Fitzgerald’s maxim first turned up in a 1932 essay about New York called “My Lost City”. “I once thought that there were no second acts in American lives,” he wrote, “but there was certainly to be a second act to New York’s boom days.” Contrary to the aphorism’s common usage, Fitzgerald believed that American lives do actually have second acts, just like people from elsewhere: Liverpool singer-songwriter Michael Head, for instance.

Head’s new album Dear Scott is named after Fitzgerald, in particular his unsuccessful attempt to be a Hollywood screenwriter in the 1930s. The Liverpudlian is a cult figure in British rock, active since the early 1980s when he emerged with his first band, The Pale Fountains. Signed to a label for the immense sum of £150,000, they released their debut Pacific Street in 1984. Its sophisticated sound, indebted to Burt Bacharach and West Coast psychedelia, failed to set the charts alight. They were given a second chance, but the follow-up also flopped.

Head’s next band was Shack. Upping his psych-rock influences, especially Arthur Lee’s Love, he gained a reputation as an inspired but unfulfilled songwriter. An album went missing when the recording studio burnt down. Problems with heroin and alcohol badly sabotaged his productivity. Minor Britpop fame — aided by Noel Gallagher praising him as a “genius” — fizzled away after chart success with 1999’s HMS Fable.

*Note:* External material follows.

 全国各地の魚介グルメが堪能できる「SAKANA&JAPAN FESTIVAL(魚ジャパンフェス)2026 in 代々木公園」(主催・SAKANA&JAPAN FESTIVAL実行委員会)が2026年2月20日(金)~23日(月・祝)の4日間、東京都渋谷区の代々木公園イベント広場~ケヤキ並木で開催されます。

Dear Scott reunites him with The Red Elastic Band, the ensemble that played on his 2017 album Adíos Señor Pussycat. It finds Head, 60, settling into a second, or perhaps third, act of an eventful but frustratingly sporadic career. The album’s producer is a younger Merseyside maverick, Bill Ryder-Jones, former member of The Coral.

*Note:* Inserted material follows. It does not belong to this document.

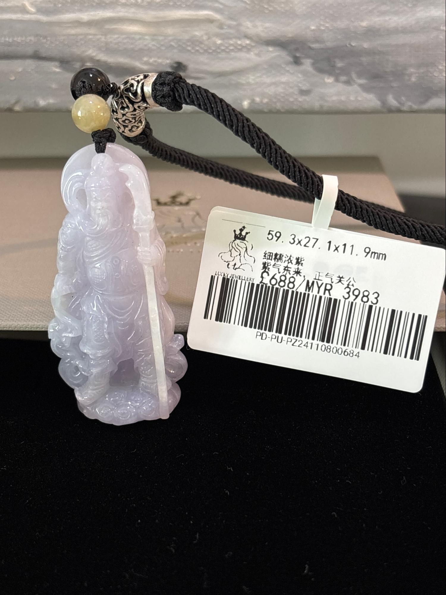 All Natural Burmese Jade Guan Yu Pendant

“Kismet” opens the album with a characteristic flowering of jangling guitars. “I see a light,” Head sings as though heading towards the end of a tunnel. “Broken Beauty” is addressed to a damaged individual to whom Head offers lyrical solace. The music does the same with a well-worked shift from workmanlike rock ‘n’ soul to uplifting symphonic rock.

Despite taking place in a thunderstorm, “The Next Day” has a breezy, summery feel. The vocal melody is charming, although its conversational tone does not suit Head’s low, somewhat monotonous vocal register. He sounds more comfortable with a breathier mode of singing, dreamy rather than chatty.

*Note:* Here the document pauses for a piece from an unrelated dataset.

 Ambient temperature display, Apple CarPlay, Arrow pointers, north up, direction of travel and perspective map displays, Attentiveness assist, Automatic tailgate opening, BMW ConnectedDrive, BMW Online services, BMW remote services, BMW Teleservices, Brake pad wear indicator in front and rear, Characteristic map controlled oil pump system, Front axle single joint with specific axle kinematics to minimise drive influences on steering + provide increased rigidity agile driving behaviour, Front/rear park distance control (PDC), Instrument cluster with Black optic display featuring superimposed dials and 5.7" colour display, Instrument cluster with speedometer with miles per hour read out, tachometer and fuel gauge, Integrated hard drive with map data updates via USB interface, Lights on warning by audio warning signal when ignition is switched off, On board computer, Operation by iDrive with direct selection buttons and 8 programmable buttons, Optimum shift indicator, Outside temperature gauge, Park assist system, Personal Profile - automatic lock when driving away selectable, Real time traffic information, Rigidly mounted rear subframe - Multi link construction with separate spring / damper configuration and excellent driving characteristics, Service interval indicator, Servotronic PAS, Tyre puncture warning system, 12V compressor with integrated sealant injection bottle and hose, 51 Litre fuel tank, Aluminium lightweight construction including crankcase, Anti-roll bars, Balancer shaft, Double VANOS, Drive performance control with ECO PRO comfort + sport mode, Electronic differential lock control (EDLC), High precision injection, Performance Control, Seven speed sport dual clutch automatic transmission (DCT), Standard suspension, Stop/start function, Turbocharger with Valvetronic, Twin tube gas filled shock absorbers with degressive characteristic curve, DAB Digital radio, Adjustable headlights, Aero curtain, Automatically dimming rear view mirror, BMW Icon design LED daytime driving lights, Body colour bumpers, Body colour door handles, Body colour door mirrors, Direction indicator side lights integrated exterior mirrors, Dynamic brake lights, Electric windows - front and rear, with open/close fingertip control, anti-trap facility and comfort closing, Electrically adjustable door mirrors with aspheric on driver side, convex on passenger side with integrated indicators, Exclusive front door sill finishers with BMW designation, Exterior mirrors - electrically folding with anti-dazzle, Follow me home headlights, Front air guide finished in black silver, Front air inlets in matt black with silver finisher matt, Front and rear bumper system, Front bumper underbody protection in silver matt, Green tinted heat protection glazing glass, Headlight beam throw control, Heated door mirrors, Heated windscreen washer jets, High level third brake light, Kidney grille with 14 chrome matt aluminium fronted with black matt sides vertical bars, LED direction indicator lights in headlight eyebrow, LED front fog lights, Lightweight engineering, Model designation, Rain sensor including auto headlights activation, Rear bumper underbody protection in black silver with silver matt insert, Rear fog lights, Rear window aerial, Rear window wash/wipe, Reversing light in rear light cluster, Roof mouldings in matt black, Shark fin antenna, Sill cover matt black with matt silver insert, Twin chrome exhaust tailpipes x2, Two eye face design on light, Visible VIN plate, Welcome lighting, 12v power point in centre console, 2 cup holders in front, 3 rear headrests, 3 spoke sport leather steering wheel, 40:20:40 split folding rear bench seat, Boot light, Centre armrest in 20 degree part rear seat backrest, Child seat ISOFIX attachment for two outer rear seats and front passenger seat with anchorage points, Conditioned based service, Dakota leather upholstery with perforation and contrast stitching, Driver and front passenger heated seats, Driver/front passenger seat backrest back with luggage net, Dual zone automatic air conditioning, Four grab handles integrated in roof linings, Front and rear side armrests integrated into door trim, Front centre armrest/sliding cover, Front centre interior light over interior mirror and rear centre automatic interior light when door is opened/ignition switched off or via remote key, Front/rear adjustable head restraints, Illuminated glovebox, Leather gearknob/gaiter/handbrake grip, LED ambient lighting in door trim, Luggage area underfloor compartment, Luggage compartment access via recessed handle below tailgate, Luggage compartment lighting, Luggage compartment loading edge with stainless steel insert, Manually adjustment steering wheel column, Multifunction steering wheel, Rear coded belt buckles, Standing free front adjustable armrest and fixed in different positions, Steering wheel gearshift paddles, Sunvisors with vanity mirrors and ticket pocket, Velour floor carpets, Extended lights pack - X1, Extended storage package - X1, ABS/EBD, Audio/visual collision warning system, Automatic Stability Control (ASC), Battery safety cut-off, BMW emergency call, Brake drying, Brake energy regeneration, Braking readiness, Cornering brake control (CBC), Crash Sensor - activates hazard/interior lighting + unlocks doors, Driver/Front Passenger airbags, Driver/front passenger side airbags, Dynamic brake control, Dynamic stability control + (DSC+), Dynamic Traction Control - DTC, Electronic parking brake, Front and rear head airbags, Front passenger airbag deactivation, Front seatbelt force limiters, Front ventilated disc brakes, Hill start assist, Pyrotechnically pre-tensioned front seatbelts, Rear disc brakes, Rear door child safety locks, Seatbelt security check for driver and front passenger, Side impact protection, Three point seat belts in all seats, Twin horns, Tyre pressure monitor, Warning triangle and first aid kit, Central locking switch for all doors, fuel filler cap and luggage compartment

“Fluke” is a standout track, a fantasy about waking up in Los Angeles set to the slow flare of vintage orchestral rock, reminiscent of Richard Hawley’s work. As Sheffield is to the latter, so Liverpool is to Head. “The Ten” recounts a trip back in time to a now vanished fruit and vegetable market in the city, while “American Kid” is a Bacharach-tinged tale of a pair of childhood friends who grow up in Merseyside with escapist visions of US culture.

Trying to change direction in life is a recurrent theme, expressed musically by switches in style, such as the way “Gino and Rico” shifts from a mellow jazzy reverie into full-blooded horn and string orchestrations. Second acts are written into this fine set of songs.